In this new world, home workouts, garden WODs and kitchen mobility sessions have become the norm. And with races, events and gyms closing—some indefinitely—this way of life posed a unique question: How could I, a Men's Health UK fitness editor focused on functional bodybuilding and shunning endless cardio, run the Adventurist gauntlet while adhering to these strict, new rules? Particularly with just two weeks’ notice and access only to a stationary bike and an enclosed backyard.
It was a head-scratcher that would culminate in a formidable challenge: to complete a grueling ultra-duathlon—a 20km run, a 77km cycle and another 10km run—from the confines of my own home.
By its definition, “endurance” involves staving off muscular and mental failure for as long as possible, in the face of uncomfortable or difficult circumstances.
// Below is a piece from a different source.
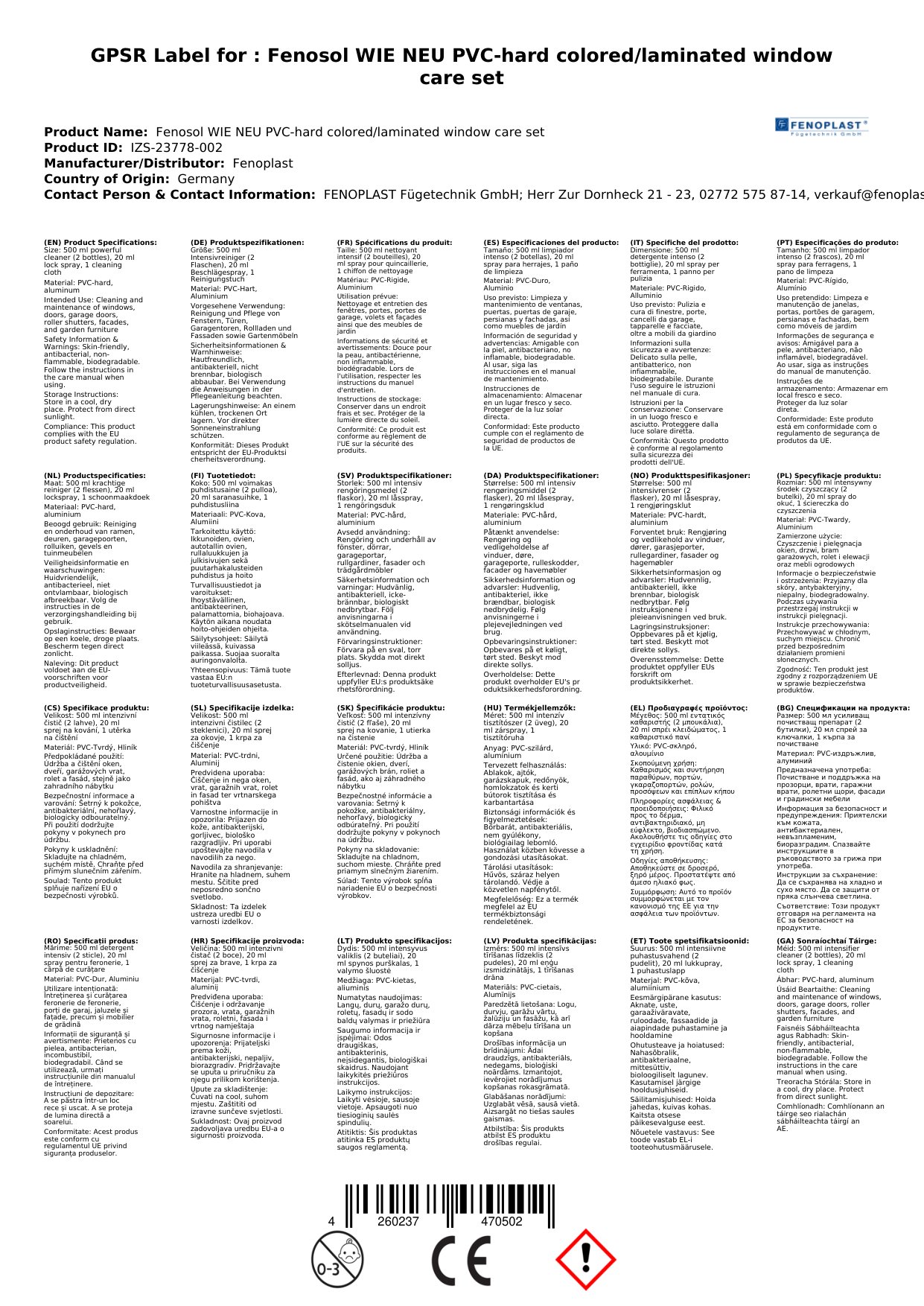 Tá an feisteán cúraim fuinneog PVC seo deartha go speisialta chun aire a thabhairt do chuid fuinneoga. Tá sé oiriúnach do gach cineál fuinneog PVC, lena n-áirítear fuinneoga daite. Leis an bhfoirmle glantacháin speisialta, is féidir leat salachar agus smál a bhaint go héasca, ag fágáil do chuid fuinneoga ag breathnú glan agus lonrach. Cén fáth go bhfuil sé seo tábhachtach duit: Cinntíonn tú go mbeidh do chuid fuinneoga PVC álainn ar feadh blianta fada le teacht.

It’s making suffering an art form, going beyond a standard level of pain and coming out on top.
I’ve spent years taking part in, coaching and spectating competitive events and, if this has taught me anything, it’s that my brief dalliance with the world of ultra-endurance—having trained for a 70.3 Ironman (itself cancelled due to the pandemic)—didn’t qualify me as an endurance aficionado. I still had major doubts about my ability to suffer. The pain threshold of the ultra-endurance athlete felt unreachable.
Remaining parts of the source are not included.